MADAR/Nouakchott/Le 18-11-2023
Libération – La Cour suprême a cassé ce vendredi 17 novembre un jugement qui remettait l’élu du Ziguinchor dans la course à la présidentielle sénégalaise. Plus tôt, la Cour de justice de la Cedeao estimait que le Sénégal n’avait «violé aucun de ses droits» en le radiant des listes électorales.
En une seule journée, deux décisions de justice sont venues éloigner un peu plus l’opposant sénégalais Ousmane Sonko d’une candidature à la présidentielle de février 2024. La Cour suprême du Sénégal a cassé ce vendredi 17 novembre un jugement qui remettait l’opposant emprisonné dans la course, précisant que l’affaire allait être rejugée, a annoncé son président Ali Ciré Ba.
«La cour casse et annule la décision du tribunal de Ziguinchor du 12 octobre et renvoie l’affaire au tribunal hors classe de Dakar» pour qu’elle soit rejugée, a-t-il déclaré.
Le mois dernier, le tribunal de Ziguinchor, la ville dont Sonko est le maire depuis 2022, avait annulé la radiation de l’opposant des listes électorales, consécutive à une affaire de mœurs. Ousmane Sonko, 49 ans, a été déclaré coupable le 1er juin de débauche de mineure et condamné à deux ans de prison ferme.
Ayant refusé de se présenter au procès qu’il dénonçait comme un complot pour l’écarter de l’élection, il a été condamné par contumace. Il a été écroué fin juillet sous d’autres chefs d’inculpation, dont appel à l’insurrection, association de malfaiteurs en lien avec une entreprise terroriste et atteinte à la sûreté de l’Etat.
«Cette décision ne nous arrange pas. L’affaire sera rejugée mais les parrainages seront bientôt terminés», réagit Me Babacar Ndiaye, l’un des avocats d’Ousmane Sonko. L’obtention des parrainages est une étape indispensable à la candidature à la présidentielle. «La décision est décevante», a pour sa part déclaré Me Bamba Cissé, un autre de ses avocats. Un euphémisme : cette procédure était largement considérée comme étant la dernière chance de l’opposant de participer au scrutin.
Il appelle ses partisans à la résistance
Par ailleurs, toujours ce vendredi, la Cour de justice de la Communauté économique des Etats d’Afrique de l’Ouest (Cedeao) a estimé que «le Sénégal n’a violé aucun des droits» d’Ousmane Sonko. La cour, qui siège à Abuja, au Nigéria, avait été saisie par les avocats d’Ousmane Sonko pour contester sa radiation des listes électorales sénégalaises.
«La Cour de justice de la Cedeao donne blanc-seing à Macky Sall (le président sénégalais) pour détruire son opposant», a réagi Me Juan Branco, un des avocats d’Ousmane Sonko. «En jugeant comme elle l’a fait, les dictateurs pourraient désormais agir comme l’Etat du Sénégal a fait et se prévaloir de la jurisprudence de la Cour», a réagi Me Ciré Clédor Ly, un autre de ses conseils.

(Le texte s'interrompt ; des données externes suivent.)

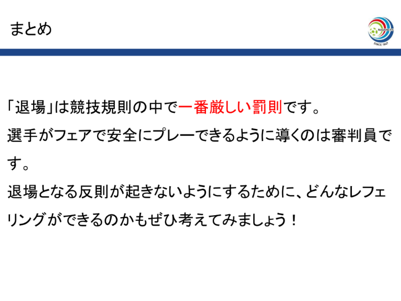 レッドカードは懲戒罰の中でも一番重いものということで試合中に出すのにも勇気のいるカードだと感じますが、競技者の安全やフェアにプレーさせるということを常に頭に置きながら警告を含め冷静に判断してレッドカードを出せるようにしていきたいと思いました。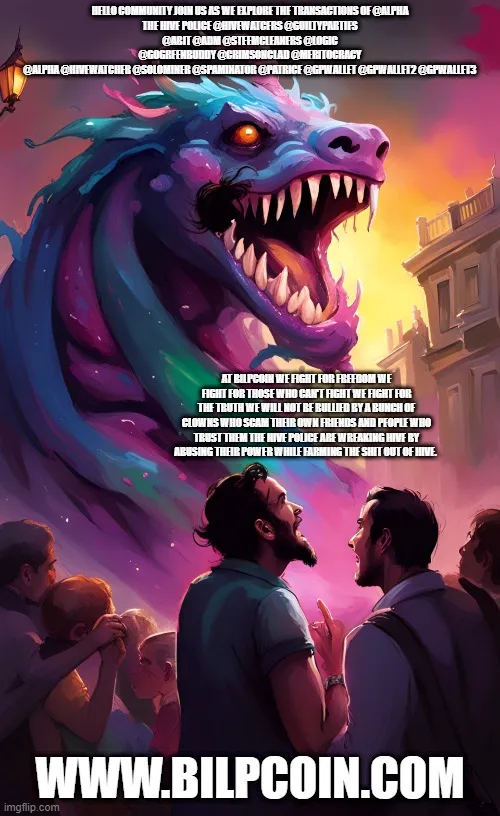 At Bilpcoin we fight for freedom we fight for those who can't fight we fight for the truth we will not be bullied by a bunch of clowns who scam their own friends and people who trust them the Hive Police are wreaking Hive by abusing their power while farming the shit out of Hive.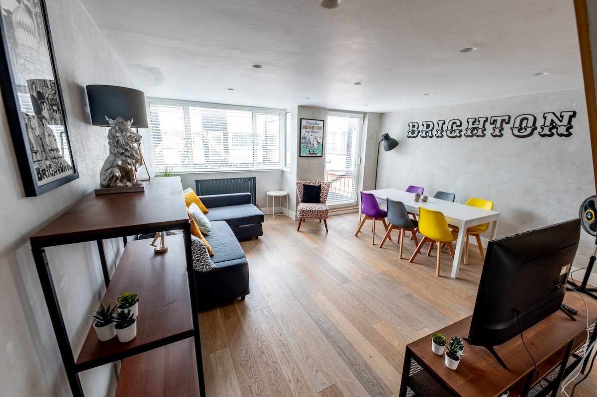 **Scaffolding April May June 2026 - additional discounts available - please enquire** Last minute and long stay discounts available. Fresh and stylish self catering apartment situated close to the lively heart of Kemptown and the beach. Open the shutters on the ground floor to reveal sea views along to the Palace Pier. Take an amble down to Madeira Drive for the beachfront bars and cafes. Take a trip on the zip wire or ride the worlds oldest electric railway. A great base to explore Brighton.

Le bras de fer d’Ousmane Sonko avec l’Etat dans plusieurs affaires politico-judiciaires tient le Sénégal en haleine depuis deux ans et demi et a déclenché les troubles les plus meurtriers depuis des années dans le pays. Lui et ses avocats n’ont cessé de dénoncer un complot pour l’éliminer politiquement.
Son discours souverainiste et panafricaniste, ses diatribes contre «la mafia d’Etat», les multinationales et l’emprise économique et politique exercée selon lui par l’ancienne puissance coloniale française lui valent une forte adhésion chez les moins de 20 ans qui représentent la moitié de la population. Ses détracteurs voient en lui un agitateur incendiaire.
L’opposant, qui a interrompu récemment une grève de la faim, a appelé jeudi soir à la résistance, estimant que la souveraineté des Sénégalais et la «destinée de la nation» étaient en jeu ce vendredi. «Nous devons nous lever pour une justice équitable, libre et indépendante, pour le droit de vivre dans un pays sans craindre d’être arrêté et emprisonné sans justification», a-t-il déclaré sur ses réseaux sociaux.